In March of this year, the South Korean company Magnachip announced its sale for $1.4 billion to Chinese equity fund Wise Road. But a CFIUS review (and an associated Korean government review) on the basis of national security concerns threatened to block the transaction.

In a press release issued on December 13, Magnachip announced that the purchase would not go forward. It said that it and Wise Road "received permission from" CFIUS "to withdraw their joint CFIUS filing in relation to their proposed transaction ...  and will be terminating their previously announced definitive merger agreement." This course of action, it said, "resulted from the inability of the parties, despite months of effort, to obtain CFIUS's approval for the Merger."

It said that the application concerning the merger that had been submitted to the Korean Ministry of Trade, Industry and Energy under Article 11-2 of the Act on Prevention of Divulgence and Protection of Industrial Technology would also be withdrawn.

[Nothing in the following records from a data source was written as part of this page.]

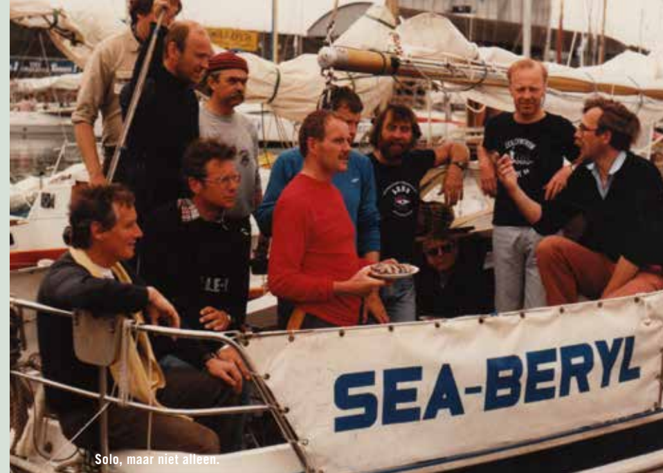
Solo, maar niet alleen.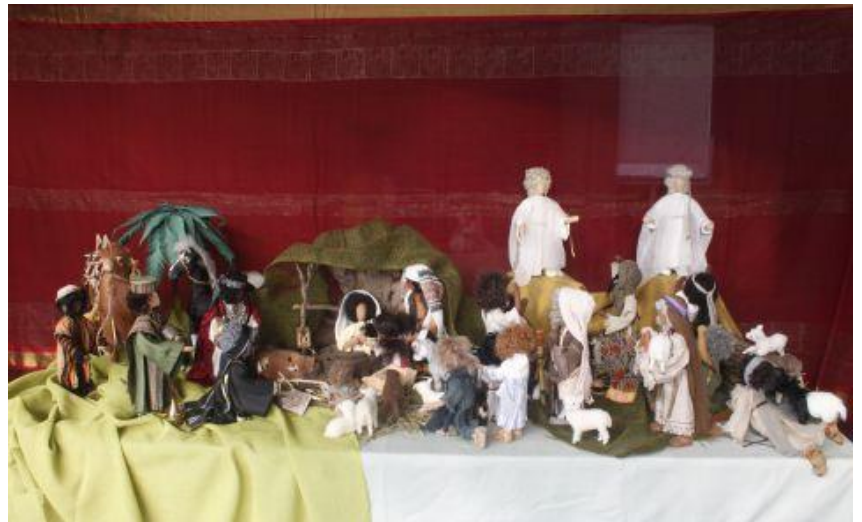
Tisch 2: Geburt Jesu Beschriftung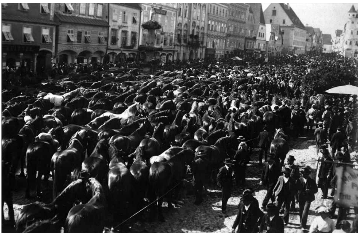
Mobilizacija avstroogrskih konj v Ennsu, julija/avgusta 1914.

bljejo med 5,6 milijona 7 pa vse tja do 8 milijonov. 8 Aleksander Lavrenčič je z upoštevanjem slednje številke napravil zanimiv izračun, ko pravi, da je: »... zemlja na vseh bojiščih nosila okoli 5,6 milijona ton teže v vojaških škornjih in okoli 4,8 milijona ton teže na kopitih, pokopala pa je približno 800 tisoč ton človeškega mesa in kosti ter približno 3.360.000 ton konj, ki so tiho stopali v največjo klavnico, kar jih je svet doslej videl.« 9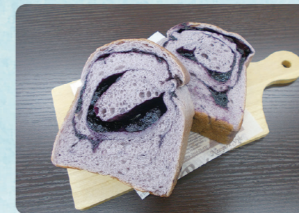
ブルーベリー食パン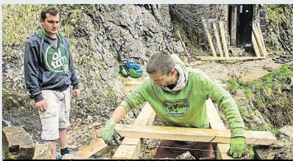
Oprava mostku na modré turistické trase

Cesta Obřím dolem na Sněžku je opět průchozí. Dřevěný mostek u Trkače v Rudné roklí – místu se říká Krakonošova rukavičce – v dubnu nevydržel nápor sněhu a jeden z jeho nosníků se prolomil. Proto ho KRNP před víkendem nechal opravit.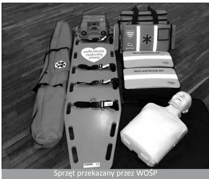
Sprzęt przekazany przez WOŚP

WOŚP i Związek Ochotniczych Straży Pożarnych podpisały w trakcie tej uroczystości oficjalne porozumienie, na mocy którego obie organizacje będą współdziałały przede wszystkim przy nauce i popularyzacji wiedzy o pierwszej pomocy wśród dzieci i młodzieży. Wspólne działania będą także dotyczyły takich przedsięwzięć jak udział w akcji bicia „ogólnopolskiego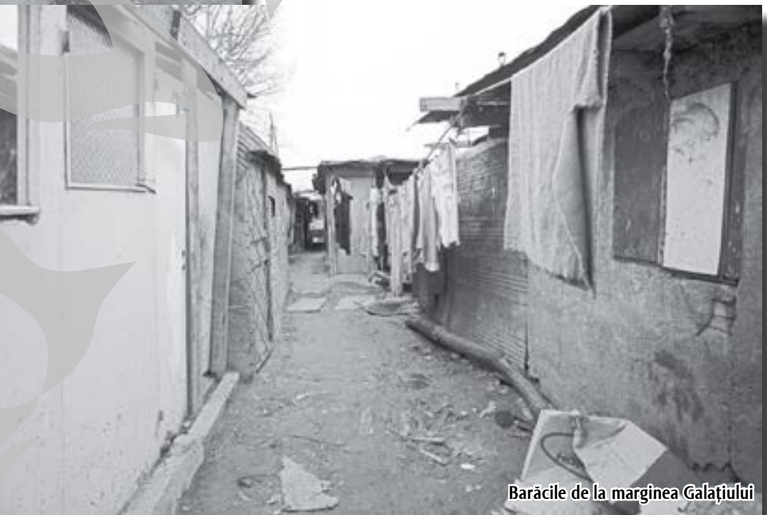
Barăcile de la marginea Galațiului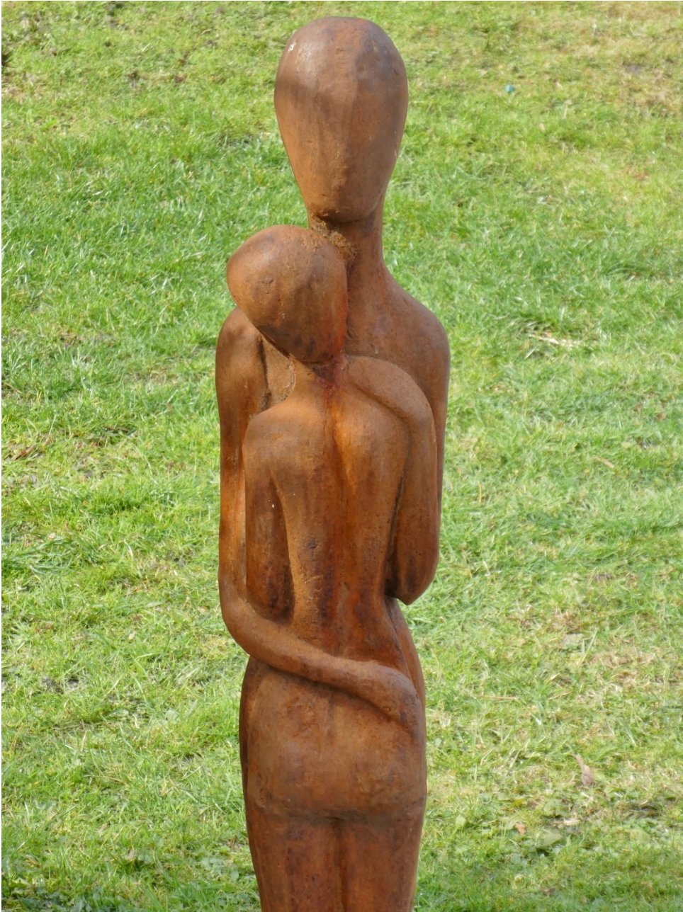
Skulptur in Altach, Walsertal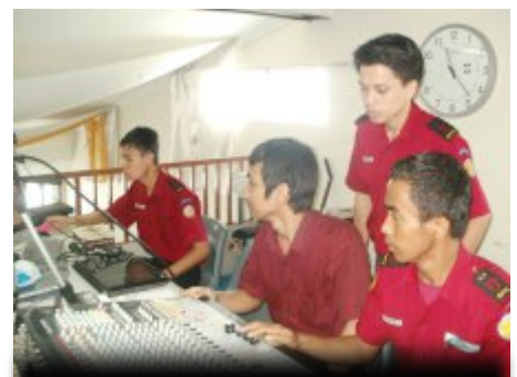
Di balik layar kesuksesan kongres

Jadi, kesimpulan kita ialah bahwa karunia melakukan mujizat yang diberikan Tuhan kepada para Rasul adalah untuk mendukung mereka menyampaikan firman Tuhan dan menuliskannya. Setelah Alkitab selesai ditulis, oleh Rasul yang terakhir yaitu Yohanes, maka karunia melakukan mujizat tidak diberikan lagi, dan wahyu juga tidak diturunkan lagi. Siapapun yang di kemudian hari berkata bahwa ia mendapatkan wahyu atau bernubuat tentang sesuatu, misalnya seseorang akan menjadi Presiden di sebuah negara, maka semua itu adalah bohong, bahkan sangat mungkin mereka adalah anak buah Lucifer.*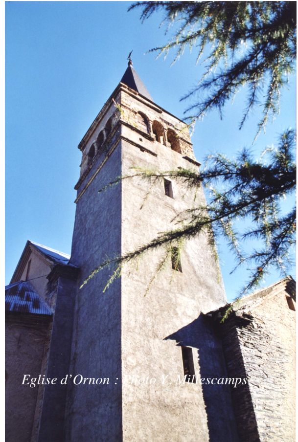
Eglise d'Ornon : Photo Y. Millescamps

Le patrimoine de la commune est riche et diversifié ; n'oublions pas que l'église d'Ornon, souvent reconstruite, existe depuis plus de mille ans ; pourquoi pas une campagne de fouilles ?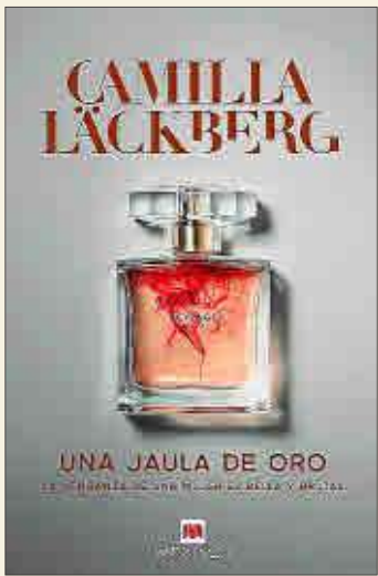
Camilla Läckberg Una jaula de oro MAEVA, Madrid, 2019

As we suggested in our September piece, the CFIUS decision here "reflects an assertive and aggressive approach by the Biden administration to national security reviews for Chinese purchases of foreign technology companies," and "shows how broadly the administration envisions its jurisdictional authority." It also makes clear how important semiconductors are, as even a company with products that may have minimal security implications was deemed important enough to raise concerns. All of this suggests a tough approach to security reviews of tech mergers and acquisitions, even if they have little connection to the United States, going forward.